Wireless sensor networks (WSNs) have become a powerful technological platform with novel applications that is driving many researches to work for applications like military surveillance, environment monitoring, health monitoring, disaster management, etc., as discussed by author Elhabyan et al. (2015). WSN consists of sensor nodes termed as nodes. The basic component of the node is the micro-sensor which helps to sense the desired event. The node also consists of battery, transmitter, receiver, microprocessor etc. in order to communicate with the network. The main function of the sensor is to sense the physical environment, gather the information from the surroundings, perform basic computation on the data and then transmit it to the base station (BS) discussed by Zangeneh et al. (2017). WSN is an event-based system that consists of low-cost, low-power sensor nodes that are used in many applications like military, civil, health monitoring, environment monitoring etc. Applications like civil and military require the location of the nodes to be known for which best localization techniques must be used as analyzed by Alaybeyoglu et al. (2015). The advancement in the sensor technology have led to the rise of the new application of human detection, tracking and activity recognition discussed by Kamal et al. (2016). For distributed applications, time consistency among the sensors is the major feature that should be addressed as explained by Shi et al. (2015).

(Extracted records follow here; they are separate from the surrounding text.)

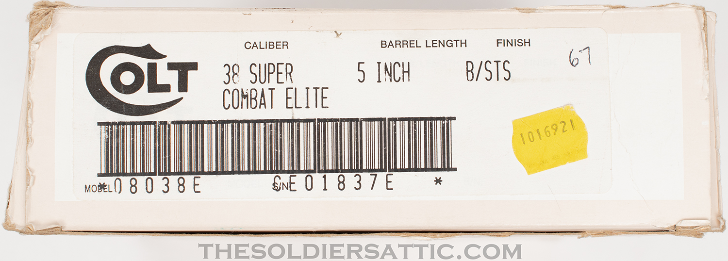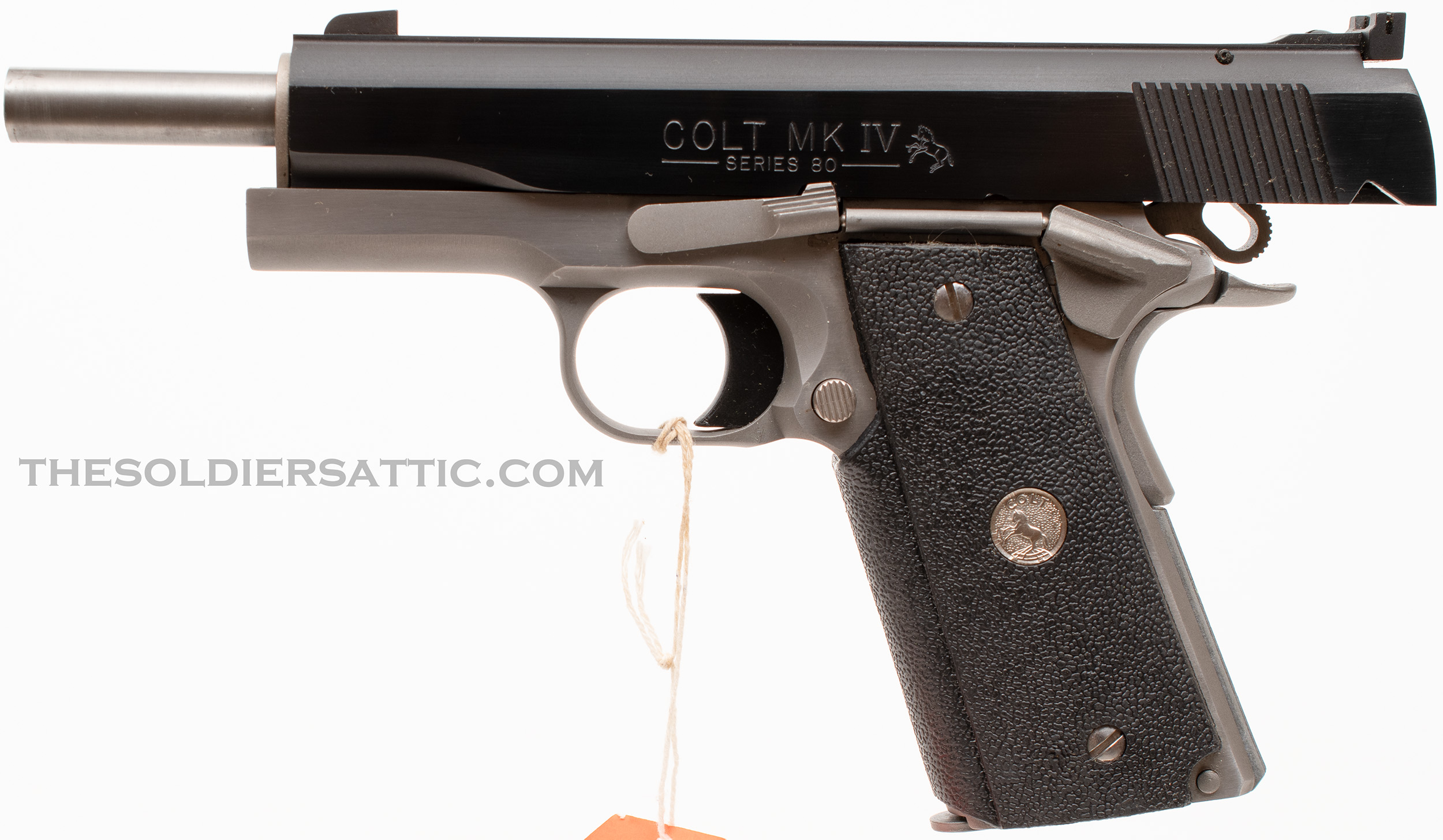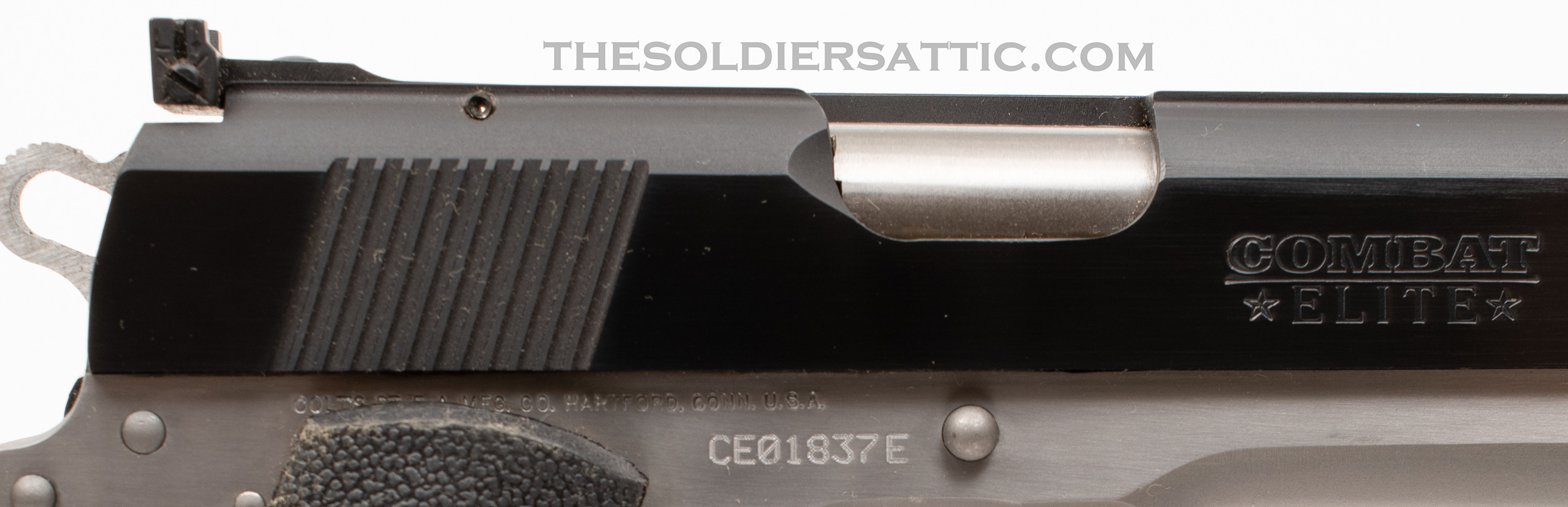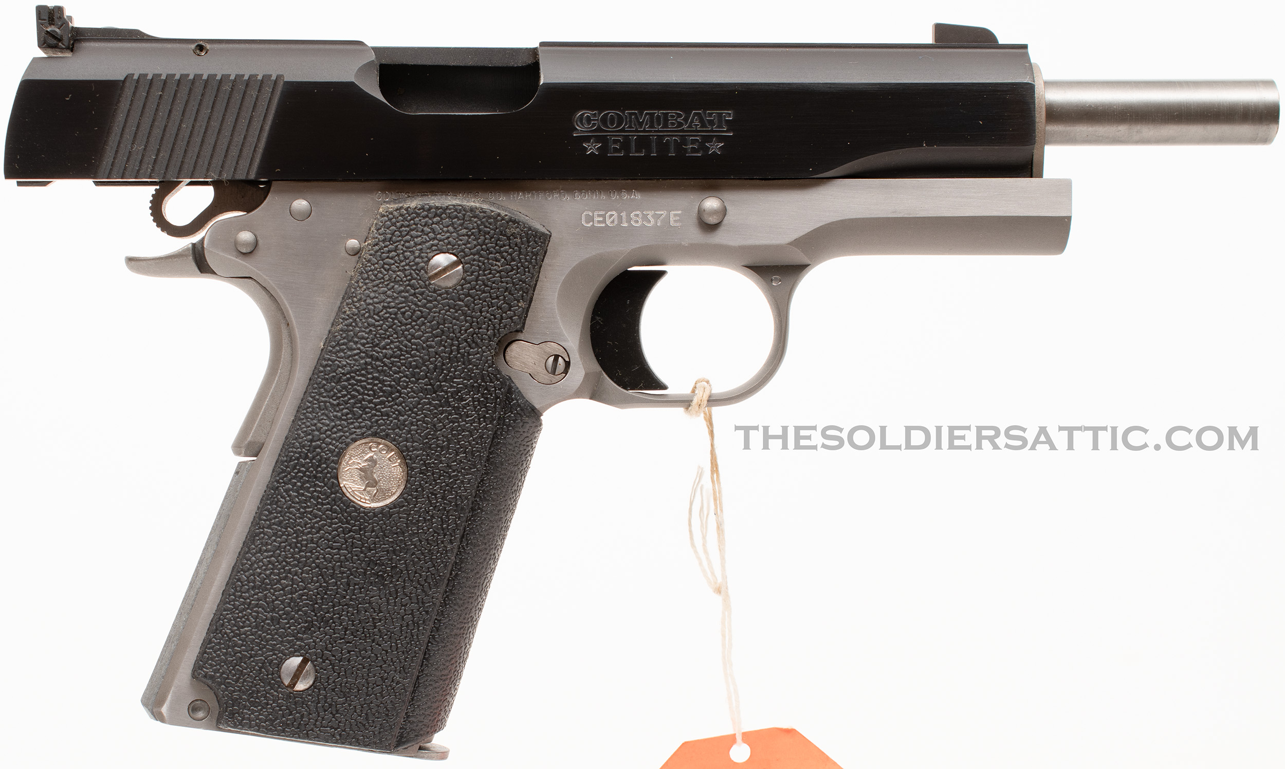 Colt Mark IV Series 80 Combat Elite pistol in .38 Super, like new. Manufactured in 1993 with 5-inch barrel, two-tone stainless and blued finish, and rubber wraparound grips with silver rampant colt medallions. This semi-auto pistol also has a blade front sight with adjustable rear, square notch sight; serrated loop hammer; and beveled magazine well.
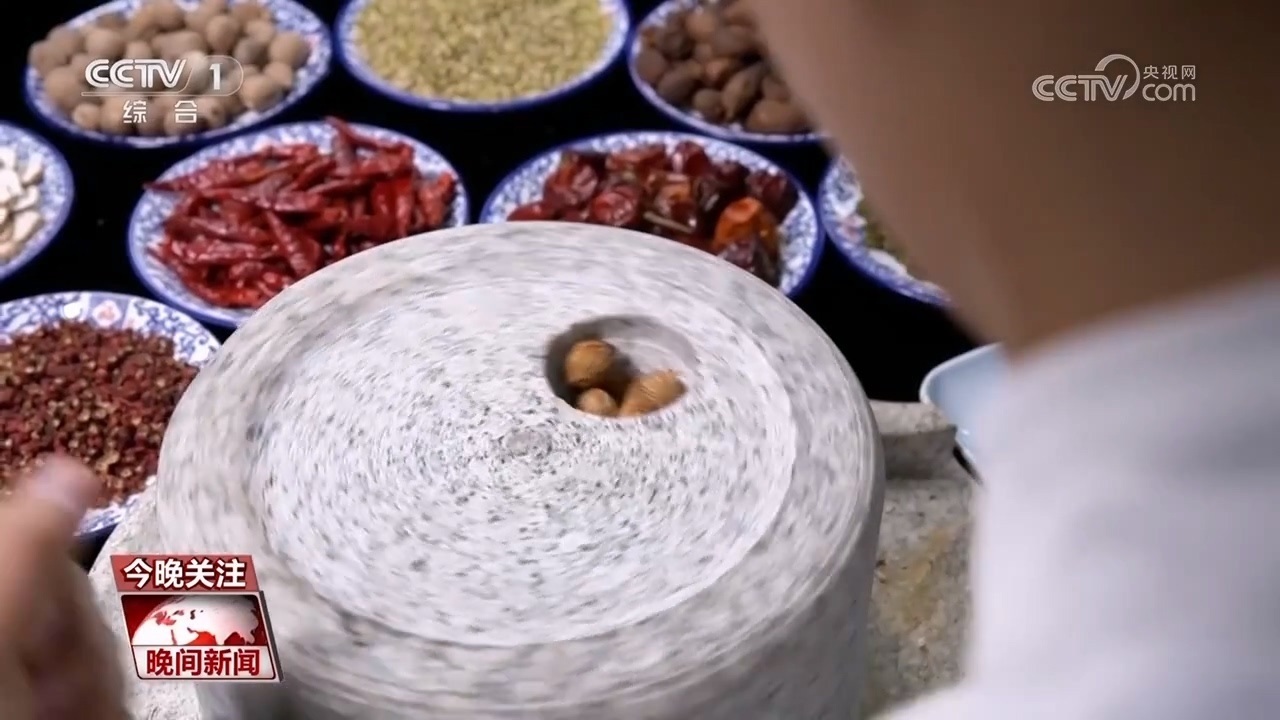 經(jīng)過(guò)傳統(tǒng)石磨碾制的料包,散發(fā)出獨(dú)特的香味。劉超群發(fā)現(xiàn),隨著生活水平越來(lái)越好,人們對(duì)口味的要求也越來(lái)越高,因此他更要嚴(yán)選食材。比如,雞肉必須得是散養(yǎng)的溜達(dá)雞,吃起來(lái)肉質(zhì)更緊致、鮮嫩。此外,劉超群還不斷嘗試,在湯底中加入中藥材,形成獨(dú)家的口味和配方。
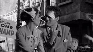 James Dean could have convinced as anti-social (because he was) but it’s harder to picture him as a fighter. Maybe they figured if Montgomery Clift could be cast as a boxer in From Here To Eternity, that Dean could pull it off. That said, Clift was a better actor than Dean. Newman outlasted and outdid them both. The Graziano saga arrived in a year flush with pugilism pictures—Humphrey Bogart’s last sally a disillusioned sportswriter in The Harder They Fall, Tony Curtis throwing jabs in The Square Jungle, and Audie Murphy doffing spurs and donning gloves for World In My Corner.
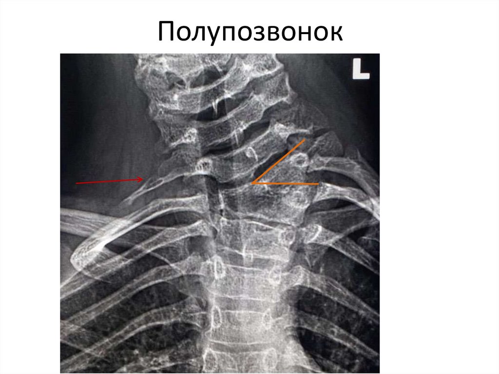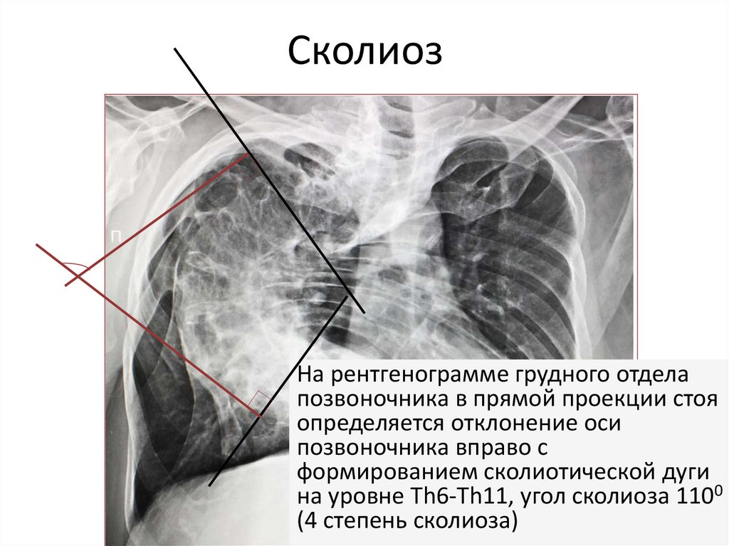 противодугой на уровне Th12-L4, угол сколиоза 450. Признаки

WSN consists of thousands of sensors which are randomly deployed and are connected wireless in an ad hoc manner. Zangeneh et al. (2017) stated that these sensors communicate with each other and share the information among them based on the infrastructure and topology of the network. WSN must have the capability to make the sensors operate in harsh and unattended environments where the network is inaccessible and unscheduled. In such environments, it is not possible of replacing or recharging the battery of the sensor if the battery dies. Thus, the energy consumption of the sensor becomes a challenging issue. The issues with the wireless senor networks and its various applications are explained by Satapathy et al. (2016). The sensor must consume less energy for the communication especially, for longer distances in order to increase the network lifetime discussed by Akila et al. (2016).

Many approaches have been developed to reduce energy consumption of the sensor. One possible approach for consuming less energy by the nodes is to introduce the concept of sleep mode and active mode of the node. If the devices or nodes are in active state only for some moment of time, the remaining energy can be used later. This concept can also be applicable to the issue of fault tolerance along with energy consumption explained by Al-Kahtani et al. (2015). Of the many approaches, clustering technique is the best approach through which the energy can be consumed efficiently. Clustering is the technique in which the sensors are organized or grouped together to form clusters. Each cluster will be having a cluster head (CH) and it plays the role of a leader. The sensors sense the data and transmit it to the CH and the CH performs aggregation of data and broadcast it to the BS. The reasons that only clusterhead relay the data out of the cluster is to evade the collisions with the sensors present inside the cluster discussed by Elhabyan et al. (2015). The sensors can share information only within the cluster but not between the clusters.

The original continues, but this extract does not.